▸ Exercise data
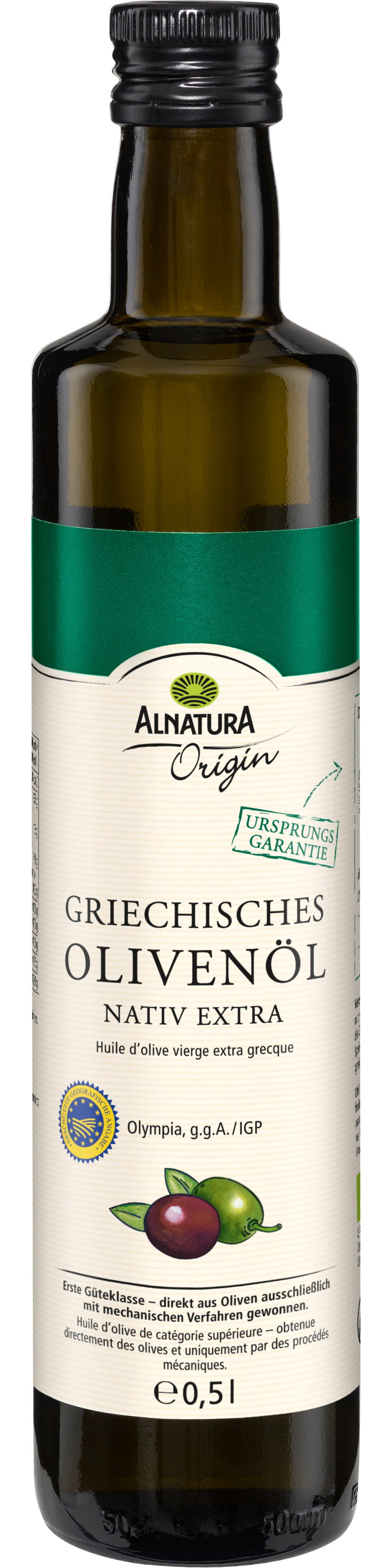 L'Origin - Olio Extra Vergine di Oliva Bio Greco di Alnatura è prodotto con olive greche Koroneiki. È ottenuto direttamente dalle olive esclusivamente con procedimenti meccanici. Questo olio conquista con la sua nota verde e fruttata. È ideale per preparare piatti mediterranei e insalate, ma si presta bene anche per cucinare, stufare e rosolare.
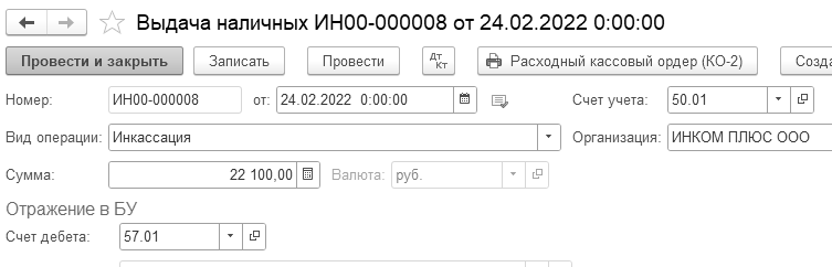 24.02.2022 года создайте документ "Выдача наличных" по виду операции "Инкассация". Сумма инкассации – 22 100 руб. (рис. 12.8.7).
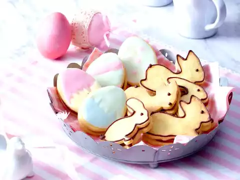 Chop 25 g chocolate and melt over a warm water bath. Sift 100 g icing sugar and mix with 2 tablespoons of water, divide into 4 portions and colour differently with food colouring. Pour the chocolate and icing into piping bags with small perforated spout. Decorate rabbit cookies with chocolate. Decorate egg biscuits with icing. Leave the biscuits to dry in a cool place for at least 2 hours. Store in a cool and dry place and consume promptly
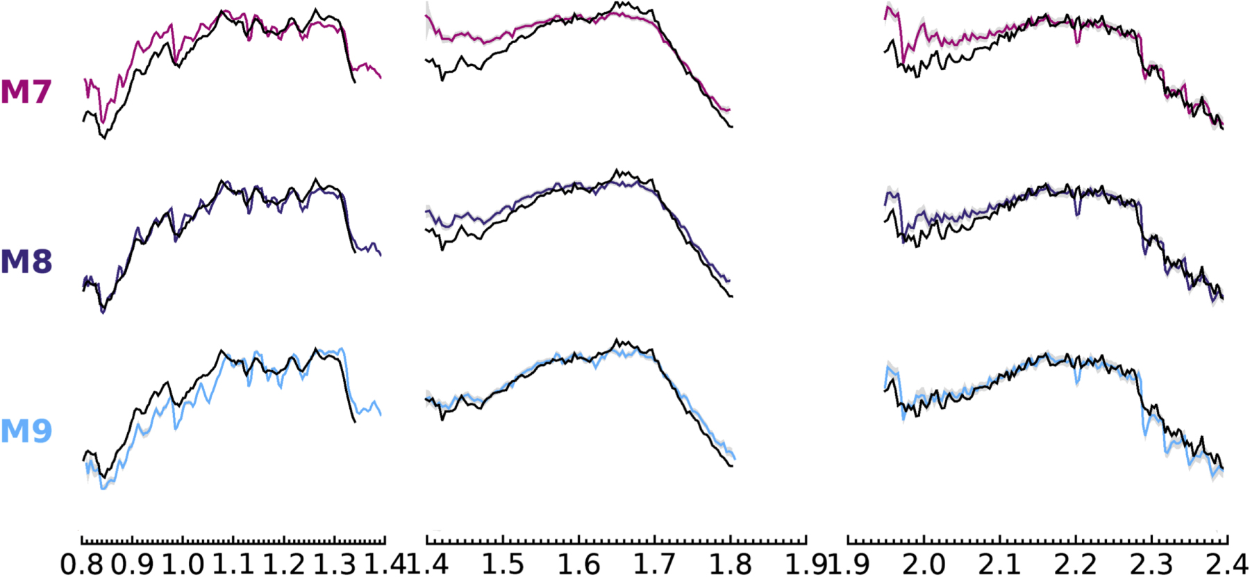 Figure 1. IRTF/SpeX 0.8–2.4 μm spectrum of 2MASS J13173072+4833343, compared with M7, M8, and M9 spectral templates (Gagné et al. 2015). We determine a near-infrared spectral type of M8.5. Built with the method described as per (Cruz et al. 2018). The IRTF/SpeX FITS spectrum shown this figure is available as the Data behind the Figure.(The data used to create this figure are available.)
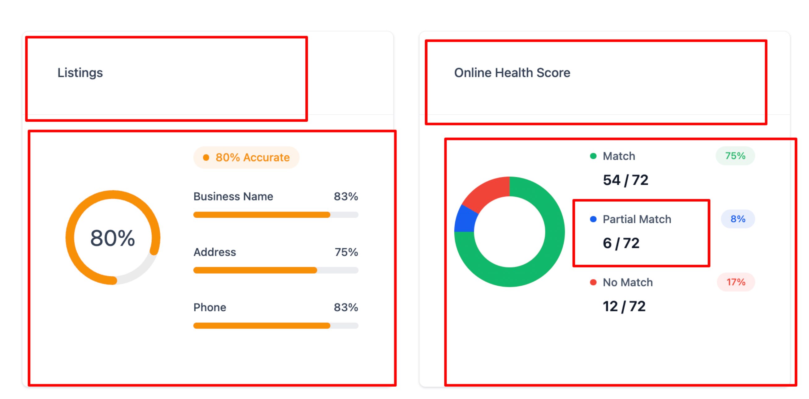 Note: Exact field logic and thresholds may vary by publisher. Partial Match generally indicates at least one mismatch among core NAP fields (Business Name, Address, Phone).
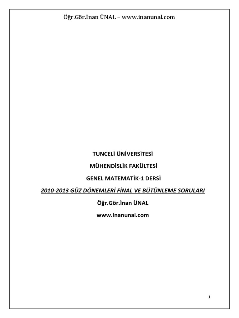 Matematik 1 Sorulari Üniversite. Arasınav soru ve cevaplarını indir. Birsen sağir duyar) uygulama soruları 1.
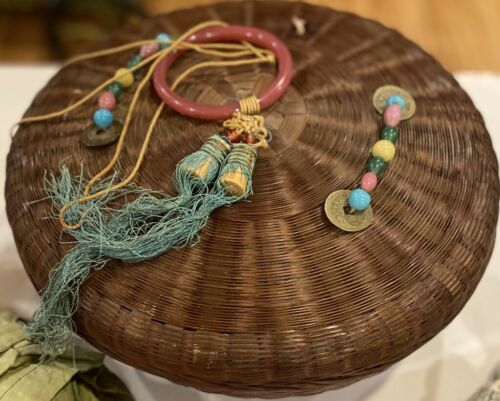 Title (ebay affiliate link): Antique Larger Sized Sewing Basket w/Peking Glass Beads Great for Doll!
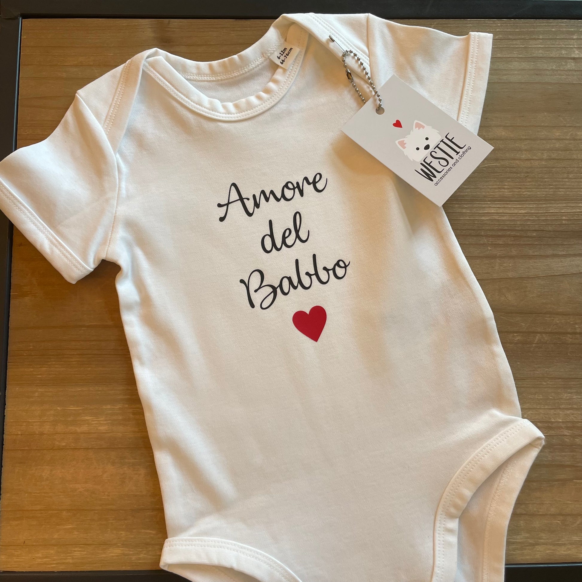Manica corta, scollo all'americana e bottoncini a pressione nickel-free sul cavallo. La personalizzazione è realizzata in termo-vinile.
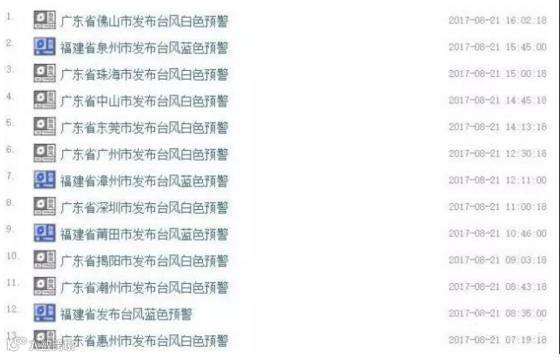 ▼广东、福建多地已发布台风预警

▸ Work item
Output every record above exactly, leaving out the pictures.

▸ Exercise result
 L'Origin - Olio Extra Vergine di Oliva Bio Greco di Alnatura è prodotto con olive greche Koroneiki. È ottenuto direttamente dalle olive esclusivamente con procedimenti meccanici. Questo olio conquista con la sua nota verde e fruttata. È ideale per preparare piatti mediterranei e insalate, ma si presta bene anche per cucinare, stufare e rosolare.
 24.02.2022 года создайте документ "Выдача наличных" по виду операции "Инкассация". Сумма инкассации – 22 100 руб. (рис. 12.8.7).
 Chop 25 g chocolate and melt over a warm water bath. Sift 100 g icing sugar and mix with 2 tablespoons of water, divide into 4 portions and colour differently with food colouring. Pour the chocolate and icing into piping bags with small perforated spout. Decorate rabbit cookies with chocolate. Decorate egg biscuits with icing. Leave the biscuits to dry in a cool place for at least 2 hours. Store in a cool and dry place and consume promptly
 Figure 1. IRTF/SpeX 0.8–2.4 μm spectrum of 2MASS J13173072+4833343, compared with M7, M8, and M9 spectral templates (Gagné et al. 2015). We determine a near-infrared spectral type of M8.5. Built with the method described as per (Cruz et al. 2018). The IRTF/SpeX FITS spectrum shown this figure is available as the Data behind the Figure.(The data used to create this figure are available.)
 Note: Exact field logic and thresholds may vary by publisher. Partial Match generally indicates at least one mismatch among core NAP fields (Business Name, Address, Phone).
 Matematik 1 Sorulari Üniversite. Arasınav soru ve cevaplarını indir. Birsen sağir duyar) uygulama soruları 1.
 Title (ebay affiliate link): Antique Larger Sized Sewing Basket w/Peking Glass Beads Great for Doll!
Manica corta, scollo all'americana e bottoncini a pressione nickel-free sul cavallo. La personalizzazione è realizzata in termo-vinile.
 ▼广东、福建多地已发布台风预警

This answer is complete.